The means of producing the stop for the cam follower on the support is not limited to the means illustrated in these examples, namely a finger at one end of the tab and extending axially. It is also conceivable that the support has an axial protuberance and that a lug of the cam follower comes to bear on this protuberance when the oscillating mass is not supported by centrifugal force.

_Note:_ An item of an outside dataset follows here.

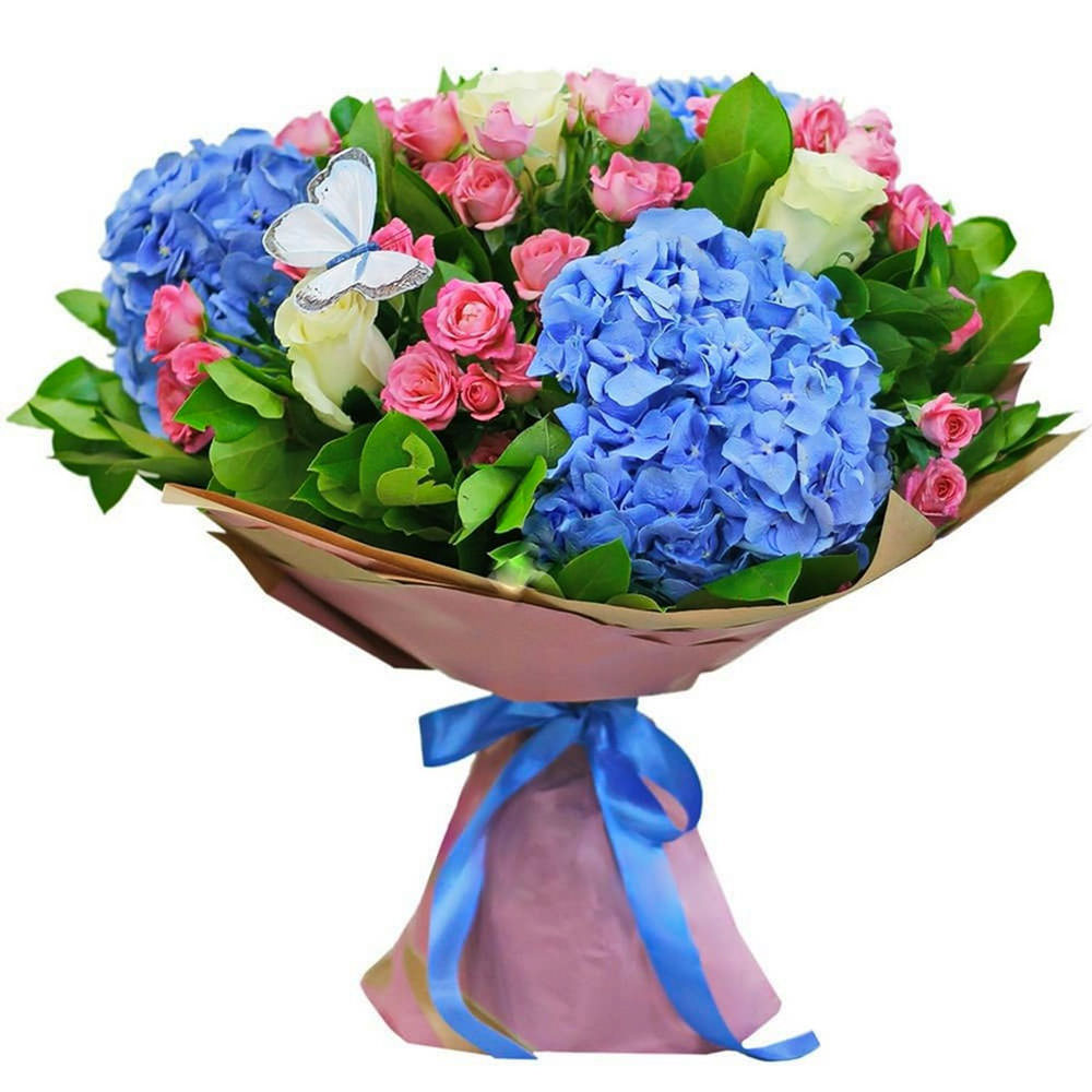 Гортензия синяя, роза кустовая розовая, роза одноголовая белая, зелень. Упаковка (лента, пленка, крафт, сетка, пленка матовая)
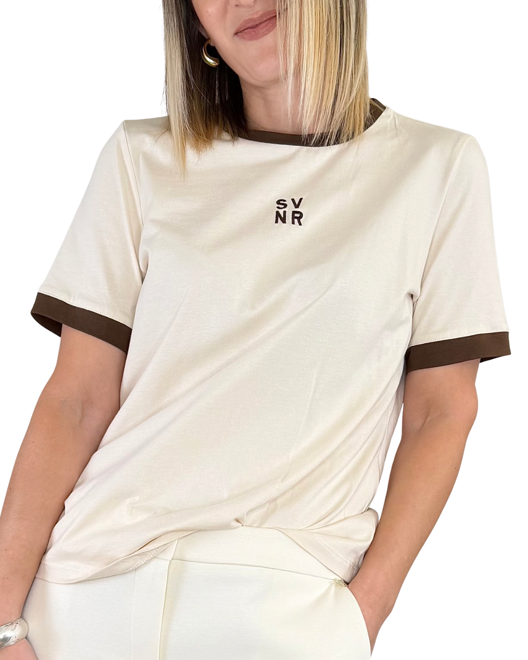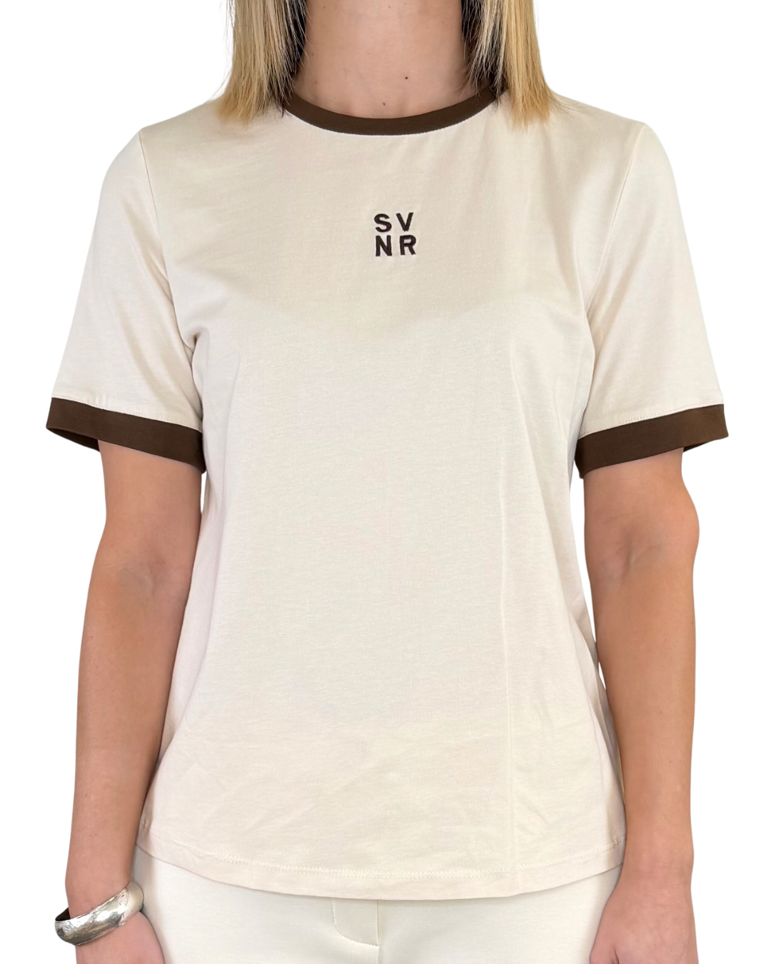T-shirt regular fit con logo ricamato e bordi a contrasto

Of course, the invention is not limited to the embodiments described and shown, provided for illustrative purposes only. In particular, the number of cam followers on each oscillating weight, the number of legs per cam follower, the shape of the cam tracks are not limiting. The different embodiments could also be combined.

Claims (10)

1. A pendulum damping device intended to be integrated in a transmission chain of a motor vehicle, in particular in a clutch, comprising: a support (20) having an axis of rotation (X), in which a support window (22) is provided, and defining a cam path (26), - an oscillating weight guided in oscillation with respect to the support and comprising: first and second weights (24), a spacer (12) matching said weights through the support window, a cam follower (14) adapted to cooperate with the cam track in order to limit the radial movement of the oscillating mass by support. 2. Device according to claim 1, in which the cam follower is adapted to be selectively in support or at a distance from the cam track, as a function of the speed of rotation of the support (20). 3. Device according to the immediately preceding claim, wherein the contact between the cam follower and the cam track is a centripetal support. 4. Device according to any one of the preceding claims, in which the cam follower comprises at least one tab (16) carrying a finger (25) shaped to ensure said cooperation. 5. Device according to the immediately preceding claim, the cam follower comprising two legs each extending against one face of the support, and a finger common to the two said legs. 6. Device according to any one of the two immediately preceding claims, wherein the lug (s) is or are shaped so as not to come into contact with a rolling member during an oscillation of the oscillating mass. 7. Device according to any one of the three immediately preceding claims, in which the cam path (26) is defined by an outer peripheral edge of the support or by an edge of a cutout of the support radially exterior or radially interior with respect to the support window, or by a bead projecting axially from the support. 8. Device according to the immediately preceding claim, wherein the cutout 5 is a curved slot opening towards the axis of rotation (X). 9. Device according to the immediately preceding claim, wherein the slot has a constant width, the maximum spacing between the edge of the slot and a finger of the cam follower which is housed therein being preferably less than 2 mm. 10. Component for a motor vehicle transmission system, the component 10 being in particular a double damping flywheel, a hydrodynamic torque converter or a friction clutch disc, comprising a pendular damping device according to any one of the preceding claims.